The imbalance in the two sides’ fortunes on the Wall Street casino was further underlined, to the chagrin of many small-timers, when it was seen that the hedge funds standing on the edge of the abyss were able to get enormous bailouts, although everyday investors regularly lose their shirts when their bets go bad.

As one commentator put it: “We don’t have billionaires to bail us out when we mess up our portfolio risk and a position goes against us. We can’t go on TV and make attempts to manipulate millions to take our side of the trade.
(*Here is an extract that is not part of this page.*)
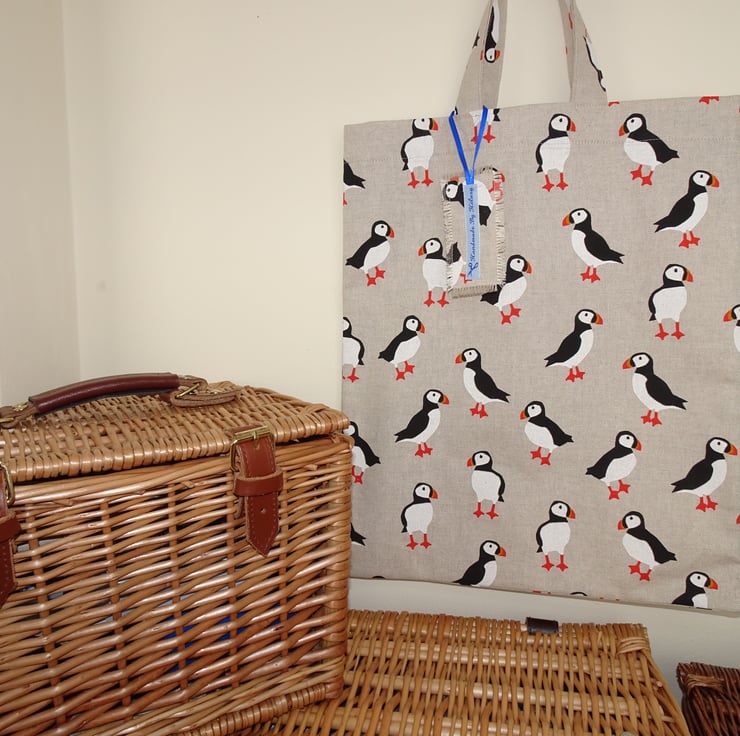 Plastic bags are a thing of the past, so we created our bags out of good quality strong cotton which is built to last. We thought, why not have a reusable bag to keep in a fun and colourful fabric that we would love to use everyday and show off a bit of what we love! We use all sorts of patterns and animal prints, this one has an adorably cute puffin.

If we mess up as bad as they did, we’re wiped out.” (The GameStop stock frenzy, explained by Emily Stewart, Vox, 29 January 2021)

It seems that the American dream is starting to lose its hold over the minds of widening sections of US workers and petty bourgeois, who are waking up into a cold and hard reality: the game is rigged against the little guy and there is no way to win against the monopolies, no matter how well thought out your strategy.

In another twist to the tale, a Wall Street Bets discussion channel on Discord, following pressure from who knows which quarter, was abruptly shut down on the pretext of “hate speech”.

Moderators of the Reddit community pointed out: “You know as well as I do that if you gather 250k people in one spot someone is going to say something that makes you look bad.” (Discord bans r/wallstreetbets server over hate speech as the group drives GameStop shares through the roof by Tyler Sonnemaker, Business Insider, 28 January 2021)

As with all the other areas of public discourse increasingly under the cosh of political correctness, what is really driving this moral panic is the fear lest the untethered anger and hatred of the dispossessed masses should ever learn to concentrate its fire upon the real enemy: the dictatorship of monopoly capital.